Dash y Alexander eran individuos tan opuestos como sus respectivas elecciones de seudónimos, y sus habilidades también diferían. Dash hacía lo que todos los vendedores, pero mejor. Mantenía la nariz pegada a las pantallas verdes en las cuales aparecía la cotización de los bonos del Estado y buscaba pequeñas discrepancias de precios. Para cualquiera, excepto para un vendedor de bonos nato (existen de verdad), su rutina diaria resultaba mortalmente aburrida. Hay varios cientos de bonos del Estado diferentes y sus plazos de vencimiento van desde unos pocos meses hasta treinta años. Dash sabía cuáles deberían ser sus precios, qué inversiones importantes poseían determinados bonos y quién era débil en el mercado. Si un precio oscilaba en un octavo de un punto, embarcaba a una docena de inversores institucionales en una operación para conseguir ese octavo del uno por ciento. Llamaba a su técnica nips por blips, siendo los blips los numeritos verdes que representaban los precios de los bonos en las pantallas. Nunca supe lo que eran los nips, pero la expresión se convirtió en un juego de palabras puesto que los clientes japoneses de Dash eran cada vez más numerosos. Decenas de miles de millones de dólares en bonos del Estado pasaban por su teléfono cada año, en su ruta desde el gobierno de Estados Unidos a Japón. Dash contribuía con su patriótico granito de arena a la fundación del déficit estadounidense. Salomon se llevaba una pequeña tajada de cada operación. Y Dash esperaba que a final de año le pagaran una pequeña parte de la tajada de Salomon.

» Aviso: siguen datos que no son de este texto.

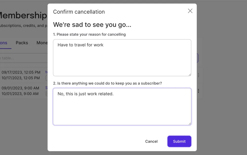 3. You'll be required to provide feedback in a pop up before cancelling. (You may see a minimum number of words required to submit).
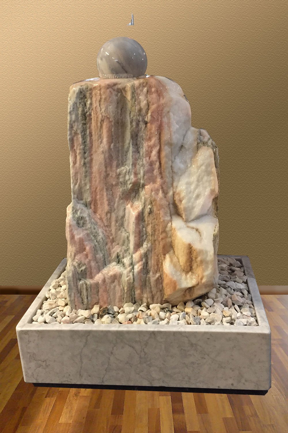 Der Brunnen steht auf einer robusten Hartschaum-Kontruktion, die nur mit wenig Sölkermarmor-Dekorkiesel abgedeckt ist. Der Basistisch ist von allen Seiten eingreifbar (“Eingriffsklappen”; siehe Abb. 4 & 5), so dass für die notwendigen Service- und Reinigungsarbeiten, der schwere Felsen niemals bewegt werden muß.
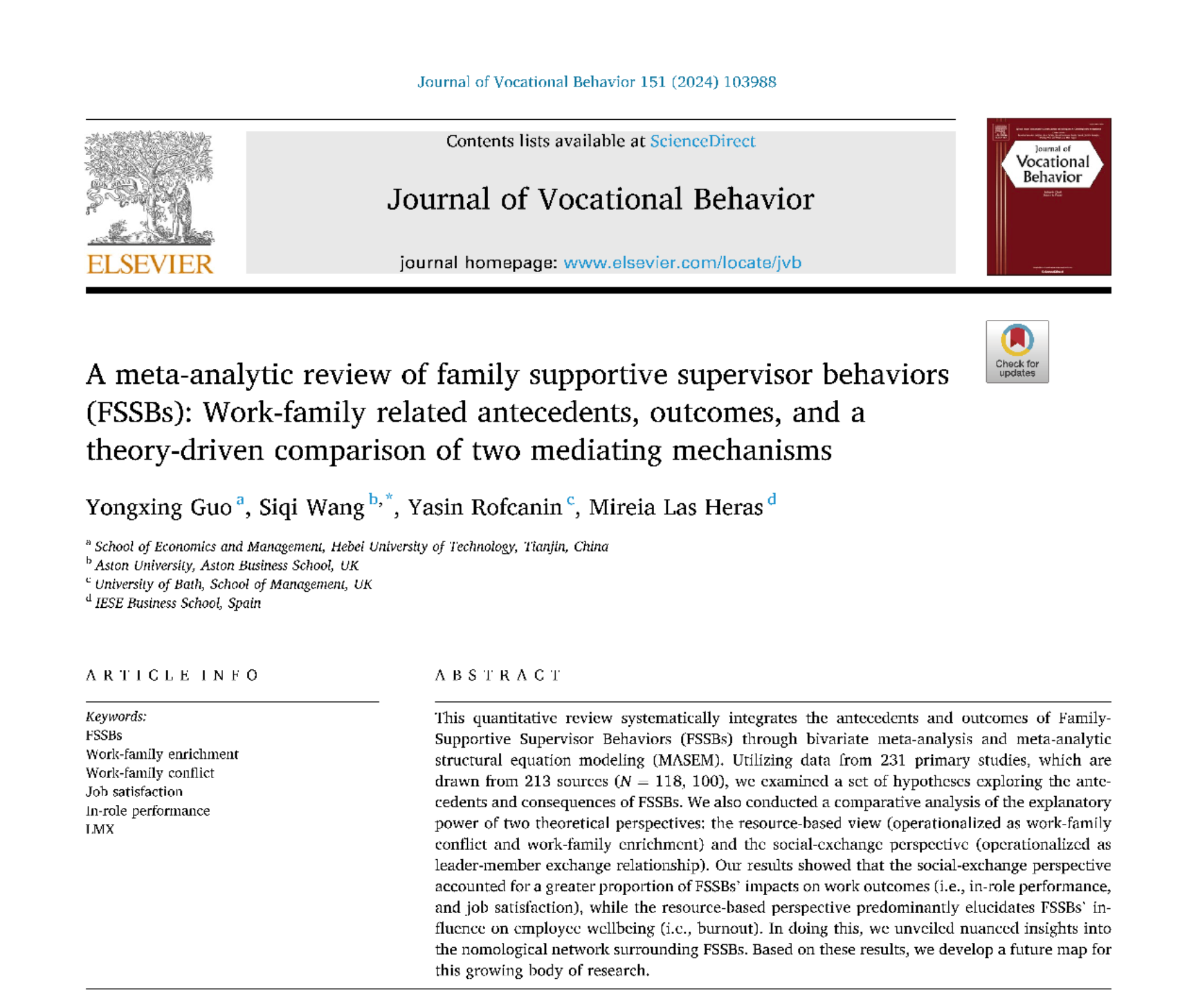 英国上市365官网郭永星副教授(第一作者)撰写发表了关于家庭支持型领导行为影响机制研究的文章。文章名为“A meta-analytic review of family supportive supervisor behaviors (FSSBs): Work-family related antecedents, outcomes, and a theory-driven comparison of two mediating mechanisms”,刊发在Journal of Vocational Behavior。该期刊是SSCI,JCR一区期刊,ABS4级期刊,影响因子11.1。

Alexander era único, lo más parecido a un adalid de los mercados que he conocido jamás, si es que eso existe. Tenía veintisiete años, dos más que yo, y, cuando yo llegué a Salomon Brothers, él ya llevaba dos años. Había crecido operando con una cartera de valores y títulos. Recuerda haber hecho una buena operación financiera en la Bolsa mientras cursaba séptimo grado. A la edad de diecinueve años, perdió noventa y siete mil dólares en bonos del Tesoro. En otras palabras, no era un muchacho normal. En cuanto aprendió a dirigir sus ganancias y a reducir sus pérdidas, no volvió a mirar atrás. Lo que perdió en bonos del Tesoro, lo recuperó con creces en futuros en oro.

Alexander sabía cómo explotar el mercado financiero mundial. Aún más: como vendedor sabía aparentar que sabía cómo explotar el mercado financiero mundial, producía el mismo efecto en otros hombres de nuestro pequeño mundo que las sirenas en los marineros. Al cabo de unos meses de trasladarse de Londres al piso cuarenta y uno de Nueva York, fue descubierto por un puñado de directores ansiosos por saber qué podían hacer con su propio dinero. Cabría suponer que ellos ya sabrían tomar sus propias decisiones en cuanto a inversiones, pero no era así. Cada día pedían consejo a Alexander. Sin embargo, para obtenerlo tenían que hacer cola detrás de los clientes de Alexander y de mí. Alexander era un vendedor, pero como los mejores vendedores, tenía el instinto de un operador. Prácticamente era un operador. Sus clientes (y sus superiores) se limitaban a cumplir al pie de la letra lo que él les decía.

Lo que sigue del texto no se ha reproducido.